Capture audio from your microphone and speakers simultaneously, transcribe with Whisper, identify who's talking with speaker diarization, and summarize the full session with a local LLM, all displayed in a desktop UI.

Legal Notice

CorpoDrone captures and processes audio on your machine. You alone are responsible for how you use it: local laws, consent, notice, workplace rules, and data-protection requirements are on you. The authors and contributors disclaim liability for any use or misuse. This is not legal advice; if in doubt, don’t run it or ask a lawyer.

Platform License

image image

Features

  • Dual audio capture: mic input and loopback (speaker output) captured simultaneously
  • Real-time transcription: sliding window Whisper transcription with word-level timestamps
  • Speaker diarization: PyAnnote 3.1 assigns speaker labels to each segment
  • Persistent speaker identities: ECAPA-TDNN embeddings match speakers across sessions; enroll names for future recognition
  • Session summary: full audio re-transcribed at session end, then summarized by a local Ollama LLM
  • Live UI: Tauri desktop app with transcript panel, speaker sidebar, and log drawer
  • Apple Silicon acceleration: uses mlx-whisper on M-series Macs for fast on-device transcription via Metal
  • Linux: mic via cpal (ALSA; PipeWire’s ALSA layer works). Loopback records the default output monitor over PulseAudio’s API (libpulse-simple), which PipeWire normally exposes via pipewire-pulse compatibility

Architecture

image

IPC: Tauri spawns audio-capture and pipeline.py as child processes. Audio flows over a named pipe (Windows) or POSIX FIFO (macOS / Linux) as framed binary. Transcript segments and commands flow as JSON lines over a second pipe and stdin/stdout.

Loopback source selection (UI): On macOS, starting a recording opens an app picker so you can include per-app ScreenCaptureKit streams (e.g. Discord) alongside the display mix.

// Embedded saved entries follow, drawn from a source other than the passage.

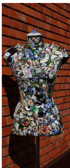
5. ábra. Szász Károly mozaik (A próbababa-torzó felületét apró, színes porcelándarabok fedik)

ahonnan jöttek, más formát öltenek a jelenben, és egy újabb patchworkben újabb jelentésre lennének. Hozzájuk kapcsolódnak további materiális és diszkurzív elemek: ételfoltok, emlékek, kiszakadt öltések új fonalai vagy hiányai. A szövegben a patchwork és a mozaik szót egymás szinonimájaként alkalmazom. Egyrészt azért, mert az angol patchwork szót magyarra foltmozaiknak is fordítják, másrészt mert a mozaik metaforája is át-meg átjárja a munkánkat, a patchwork jelentésével. Pl. az alábbi két képet (egy porcelánmozaikot és egy tojánhéjmozaikot) kaptam Zsuzsától a patchworköt koncepcionális középpontba állító gondolatomat támogatva.
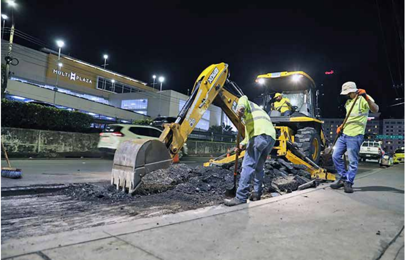
El Mop adelanta trabajos en las principales calles del país.
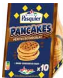
PANCAKES PÉPITES DE CHOCOLAT BRICHOE PASQUIER x10 - soit 350 g

On Windows and Linux, loopback is the full desktop mix only; there is no picker.

Requirements

  • Windows 10/11, macOS (Apple Silicon recommended), or 64-bit Linux (glibc; typical desktop with PulseAudio or PipeWire+pulse compat)
  • Rust + cargo
  • Python 3.11 or 3.12 (3.13 is not supported by parts of the WhisperX / pyannote stack yet)
  • Node.js (for Tauri CLI)
  • Ollama running locally with a model matching your config.toml (e.g. ollama pull mistral)
  • A HuggingFace account with access accepted for both:

macOS additional requirements

  • Screen Recording permission granted to your terminal app (for loopback capture via ScreenCaptureKit)
  • Microphone permission granted to your terminal app

Linux additional requirements

The Tauri UI depends on the usual WebKitGTK + GTK 3 stack (Tauri Linux prerequisites). Full desktop installations typically include those libraries; minimal or server images and containers often do not, which surfaces as missing shared libraries when building or running prebuilt binaries.

Building from source

Debian/Ubuntu-style packages:

  • libwebkit2gtk-4.1-dev, libgtk-3-dev, libayatana-appindicator3-dev, librsvg2-dev, patchelf, libssl-dev, pkg-config, build-essential

audio-capture:

  • libasound2-dev (ALSA) — mic capture via cpal
  • libpulse-dev — loopback via libpulse-simple (PipeWire works when the PulseAudio compatibility layer and pactl are available)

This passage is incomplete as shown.